1 Gate pulse to determine processing time 2 High voltage power supply 3 Electrode 4 Driving force increase processing area for grain growth 5 Counter electrode 6 Steel plate 7 Small projection 8 Linear projection 9 Rolling direction 10 To the rolling direction of grain growth driving force increase processing 11 Interval of repetitive processing in the direction perpendicular to the rolling direction of the increase in driving force for grain growth

Claims (5)

[Claims] (1) Si: 1.5 to 7.0 wt%, Mn: 0.03 to 2.5 wt%, and contamination of C, S and N as impurities respectively: C: 0.003 wt% or less, S: 0.002 wt% or less N: 0.002 wt% or less of the electrical steel sheets, and among the crystal grains constituting the steel sheet, the number of crystal grains that penetrate in the thickness direction and have a grain size of 3 mm or less on the steel sheet surface. The ratio is over 65%,
A grain-oriented electrical steel sheet having a core loss of 98% or less and having a magnetic domain refinement treatment applied to the surface of the steel sheet, and having a low core loss and excellent distortion resistance and actual machine characteristics. 2. The steel sheet according to claim 1, wherein the average value of the grain size of the crystal grains penetrating in the sheet thickness direction on the steel sheet surface is not less than 8 mm and not more than 50 mm. Grain-oriented electrical steel sheet with excellent characteristics and actual machine characteristics. 3. The method according to claim 1, wherein the crystal grains penetrating in the thickness direction and having a grain size of 3 mm or less on the surface of the steel sheet include those which are artificially and regularly arranged. Grain-oriented electrical steel sheet with low iron loss and excellent distortion resistance and actual machine characteristics. 4. The magnetic domain refining treatment according to claim 1, 2 or 3, wherein (1) a depth: 50 μm or less and a width: 35
Repeatedly providing grooves of 0 μm or less in the rolling direction, (2)
(3) smoothing the interface between the metal surface of the steel sheet and the non-metallic coating to an average roughness Ra of 0.3 μm or less in the surface direction of the steel sheet in the rolling direction; )
A grain-oriented electrical steel sheet with low iron loss, which is one of applying a crystal orientation enhancement treatment to the metal surface of the steel sheet, and having excellent distortion resistance characteristics and actual machine characteristics. 5. The steel sheet according to claim 4, wherein, among the crystal grains constituting the steel sheet, the crystal grains penetrate in the thickness direction and have a grain size of 3 mm.

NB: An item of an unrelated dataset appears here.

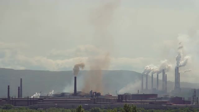 Pollution of the Atmosphere by an Industrial Enterprise. Pipes of a Large Factory Emit Colored Smoke

When the average grain size of the crystal grains having a size exceeding D is defined as D (mm), (1) The total volume ratio V (unit: mm) of the grooves per unit area of the steel sheet is as follows for the grooves repeatedly provided in the rolling direction. formula
To make the range satisfying the relationship of (1), or log ₁₀ V ≦ −2.3 −0.01 × D --- (1) (2)
Total area ratio S of local strain per unit area of steel sheet (unit:
(Dimensionless) is within the range satisfying the relationship of the following formula (2), or log ₁₀ S ≦ −0.7 + 0.005 × D --- (2) (3) Average of the interface between the metal surface of the steel sheet and the nonmetal coating Regarding the roughness Ra, make sure this Ra satisfies the relationship of the following formula (3), or Ra ≦ 0.3− 0.1 × log ₁₀ D --- (3) (4) The crystal orientation given to the steel sheet metal surface In the emphasis processing, the grain boundary average step BS is set to a range that satisfies the relationship of the following equation (4): BS ≦ 3.0−log ₁₀ D (4) Grain-oriented electrical steel sheet with excellent characteristics and actual machine characteristics.